Patrick achtet bei den Kandidaten aber nicht nur darauf, wie ihr Punkteschnitt ist oder wie sie auf den zugesendeten Videos agieren. Nein, Patrick geht weiter als das Gros seine Kollegen. „Wenn ich einen Spieler verpflichten will, informiere ich mich bei früheren Mitspielern oder rufe seine ehemaligen Trainer an“, erzählt er. Er lässt dann das Telefon glühen. Meistens nachts. Denn wenn in Deutschland die Sonne untergeht, geht sie in den USA, im Land der besten Basketballer und deren Agenten, auf.

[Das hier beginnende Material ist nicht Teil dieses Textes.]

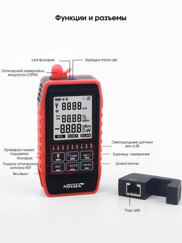 5. Ответная часть для теста кабеля RJ-45 встроена в прибор и отсоединяема.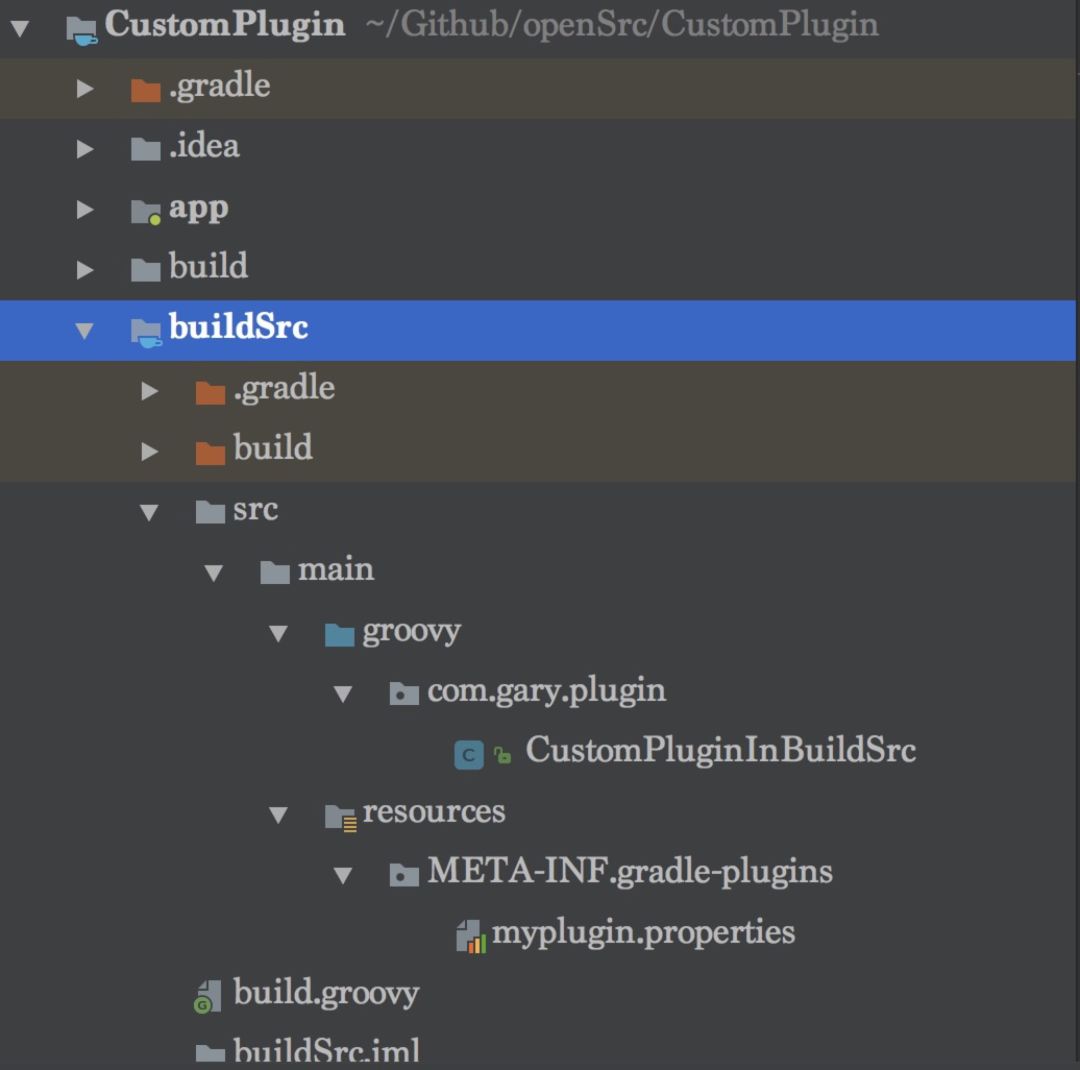 除了直接写在某个模块的构建脚本中,我们还可以将插件写在工程根目录下的buildSrc目录下,这样可以在多个模块之间复用该插件。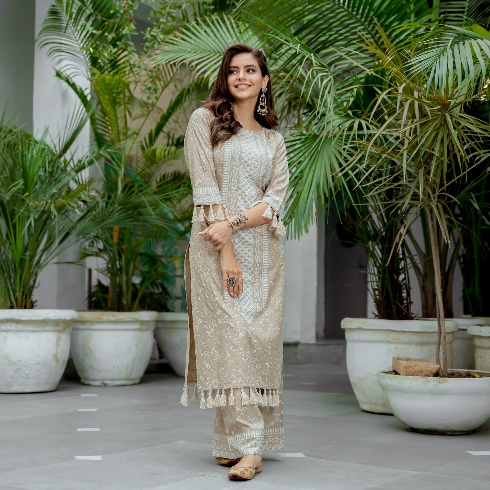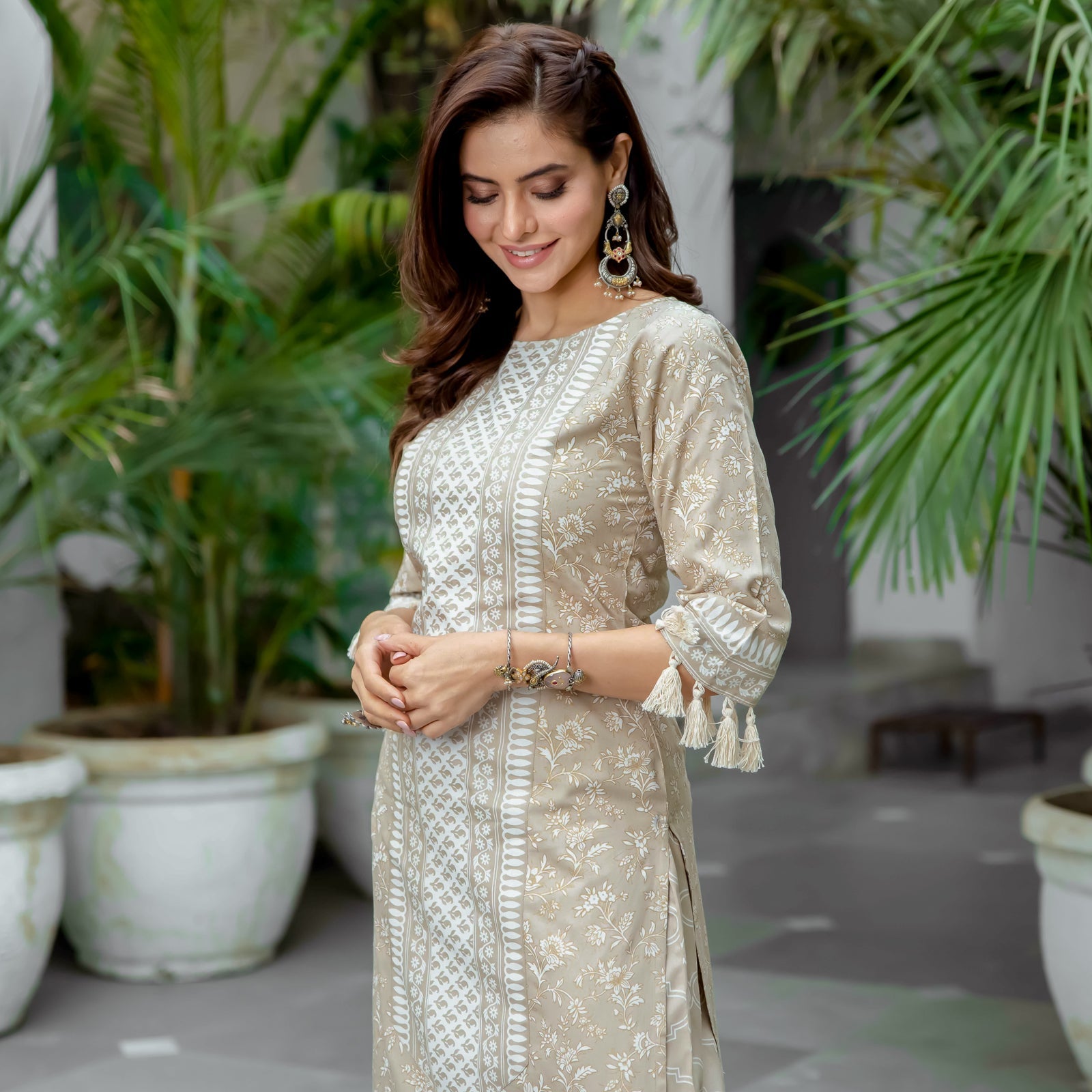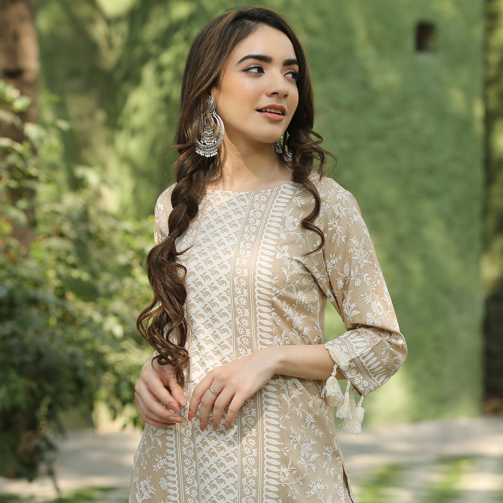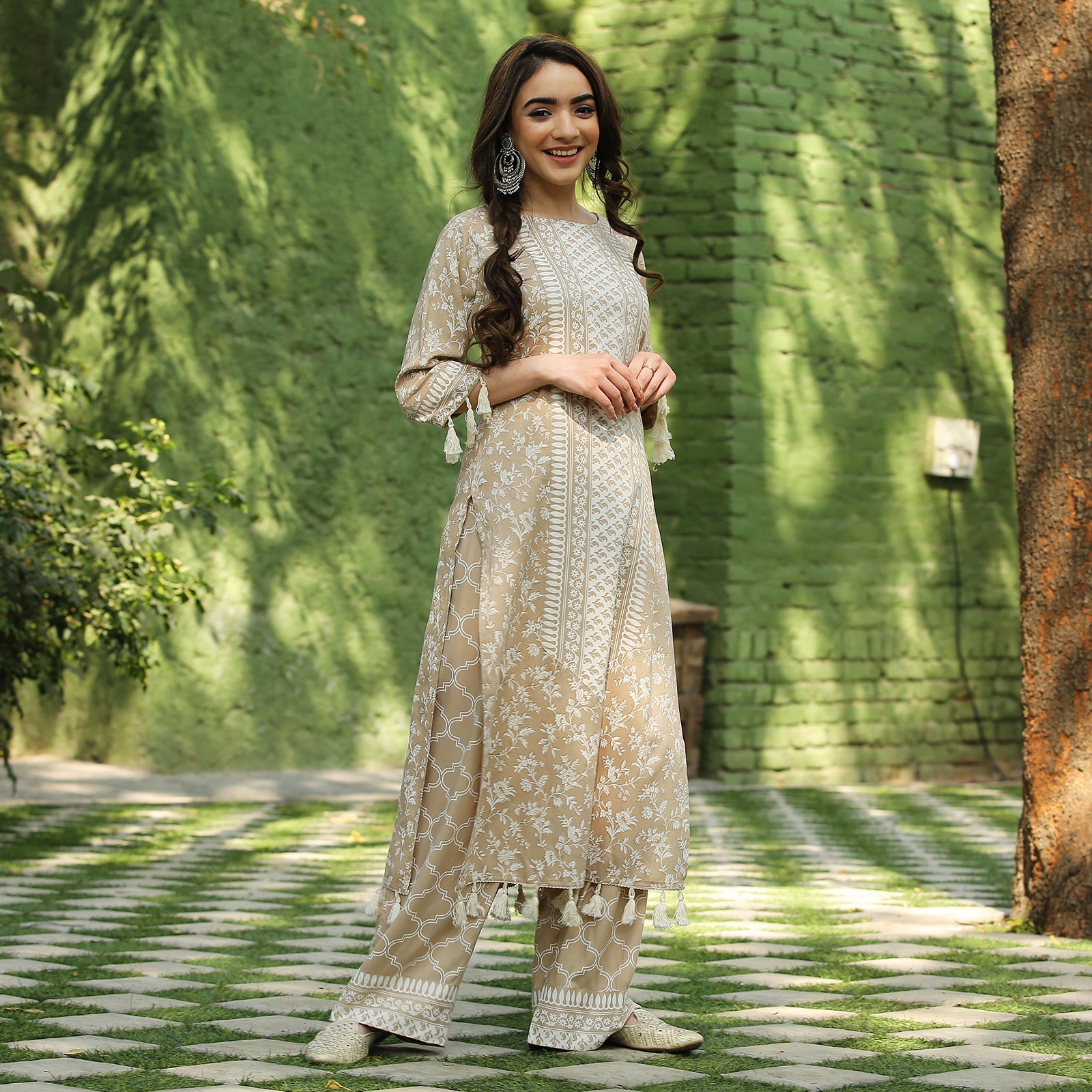Beige Kurta Palazzo Co-ord Set with Tassel Details

Der Trainer, der bis 2017 noch einen Vertrag in Ludwigsburg hat, treibt bei seinen nächtlichen Missionen nur ein Ziel an: Er will wissen, ob die Neuen von ihrer Einstellung zum Team passen. Die hat bei ihm Vorrang – vor Talent, Können, Spielverständnis oder Leistungsdaten. Clubboss Alexander Reil bestätigt das: „Vor der Saison hat er mir einen Spieler gezeigt, bei dem alles stimmte“, erzählt der Vorsitzende der MHP Riesen: „Dann habe ich ihn gefragt, warum wir ihn nicht holen. Daraufhin hat John Patrick gesagt: ‚Weil sein Team keinen Erfolg hatte.’“

Den hat der BBL-Trainer der Jahre 2009 und 2010 dafür in Ludwigsburg. „Ich bin stolz auf die Entwicklung und die Fortschritte“, sagt er. Auch weil seine Schützlinge seinen Spielstil, die druckvolle Defensive, verinnerlicht haben. „Wir können aber auch variabel agieren“, ergänzt er: „So können wir unsere Stärken betonen und unsere Schwächen kaschieren.“

Letztlich muss sein Team aber harmonisieren – auch außerhalb des Spielfeldes. Und das tut es im Moment. Bei Geburtstagen wird im Training gesungen oder abends mal ein gemeinsames Pizzaessen organisiert. „Der Weg zum Erfolg ist vielschichtig“, sagt Patrick, der mit Göttingen 2010 die Euro Challenge gewann: „Aber der Erfolg ist fast immer möglich.“ Ob auch an diesem Dienstag (19.15 Uhr)? Warum nicht? Die Riesen treten zwar bei Bundesliga-Spitzenreiter Alba Berlin im Eurocup an, doch die Albatrosse mussten ausgerechnet im Hinspiel in Ludwigsburg ihre einzige Saisonniederlage einstecken. Wenn einer also die Erfolgsstrategie gegen den Hauptstadt-Club kennt, dann ist es John Patrick.